Electronic Journal of Differential Equations,
Vol. 2019 (2019), No. 90, pp. 1-32.

Title: Existence of solutions for non-local elliptic systems with
       Hardy-Littlewood-Sobolev critical nonlinearities

Authors: Yang Yang.   (Jiangnan Univ., Wuxi, Jiangsu, China)
         Qian Yu Hong (Jiangnan Univ., Wuxi, Jiangsu, China)
         Xudong Shang (Nanjing Normal Univ., Taizgou, Jiangsu, China)
 
Abstract:
 In this work, we establish the existence of solutions for the  nonlinear
 nonlocal system of equations involving the fractional Laplacian,
 \begin{gather*}
 \begin{aligned}
 (-\Delta)^s u
 & = au+bv+\frac{2p}{p+q}\int_{\Omega}\frac{|v(y)|^q}{|x-y|^\mu}dy|u|^{p-2}u \\
 &\quad +2\xi_1\int_{\Omega}\frac{|u(y)|^{2^*_\mu}}{|x-y|^\mu}dy|u|^{2^*_\mu-2}u\quad
 \text{in } \Omega,\\
 (-\Delta)^s v
 & = bu+cv+\frac{2q}{p+q}\int_{\Omega}\frac{|u(y)|^p}{|x-y|^\mu}dy|v|^{q-2}v \\
 &\quad +2\xi_2\int_{\Omega}\frac{|v(y)|^{2^*_\mu}}{|x-y|^\mu}dy|v|^{2^*_\mu-2}v\quad
 \text{in } \Omega,
 \end{aligned}\\
 u =v=0 \quad\text{in }   \mathbb{R}^N\setminus\Omega,
 \end{gather*}
 where $(-\Delta)^s$ is the  fractional Laplacian operator,
 $\Omega$ is a smooth bounded domain in $\mathbb{R}^N$, $0<s<1$, $N>2s$, 
 $0<\mu<N$,  $\xi_1,\xi_2\geq 0$, $1<p,q\leq 2^*_\mu$ and 
 $2^*_\mu=\frac{2N-\mu}{N-2s}$  is the upper critical exponent in 
 the Hardy-Littlewood-Sobolev inequality.
 The nonlinearities can interact with the spectrum of the fractional Laplacian.
 More specifically, the interval defined by the two eigenvalues of the real
 matrix from the linear part contains an eigenvalue of the spectrum of
 the fractional Laplacian. In this case, resonance phenomena can occur.

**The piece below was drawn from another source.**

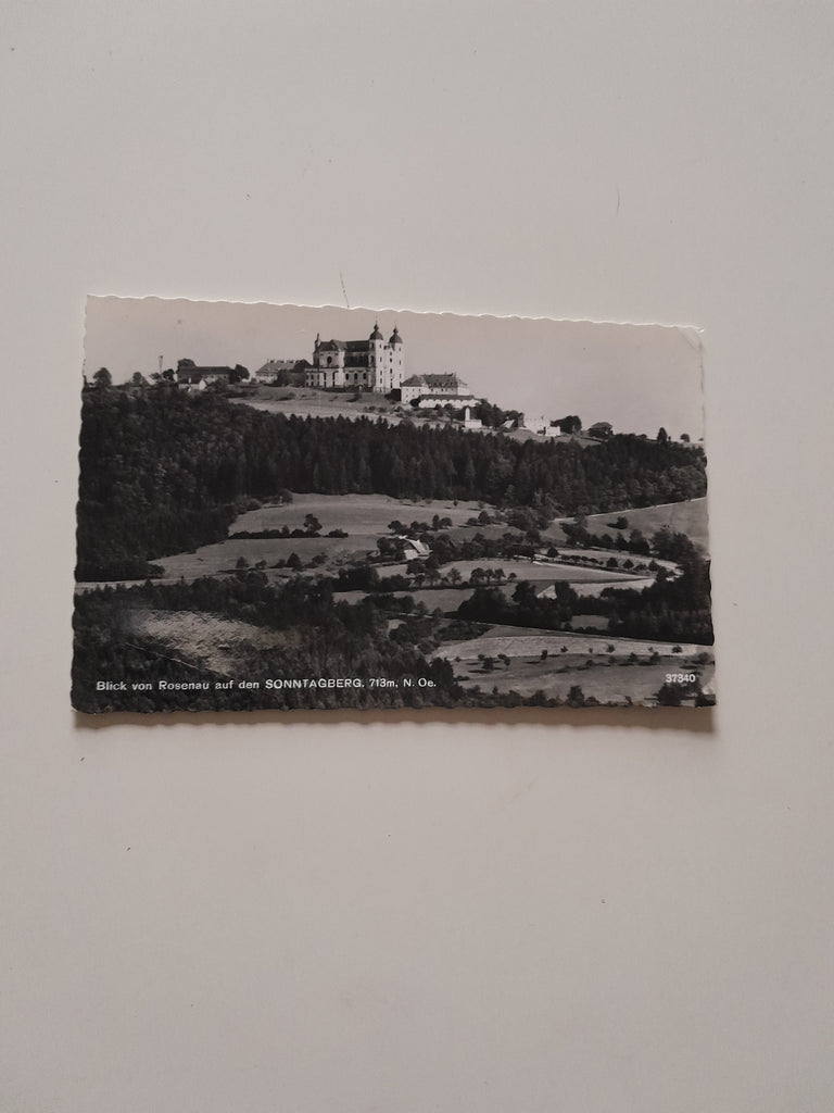 AK Blick von Rosenau auf den Sonntagberg. Gelaufen. Kleinformat. Verlag: Ledermann. Nummeriert: 37340. Zustand: linkes unteres und rechtes oberes Eck geknickt.

Submitted December 11, 2018. Published July 19, 2019.
Math Subject Classifications: 35R11, 35R09, 35A15.
Key Words: Fractional Laplacian; Choquard equation; Linking theorem;
           Hardy-Littlewood-Sobolev critical exponent; Mountain Pass theorem.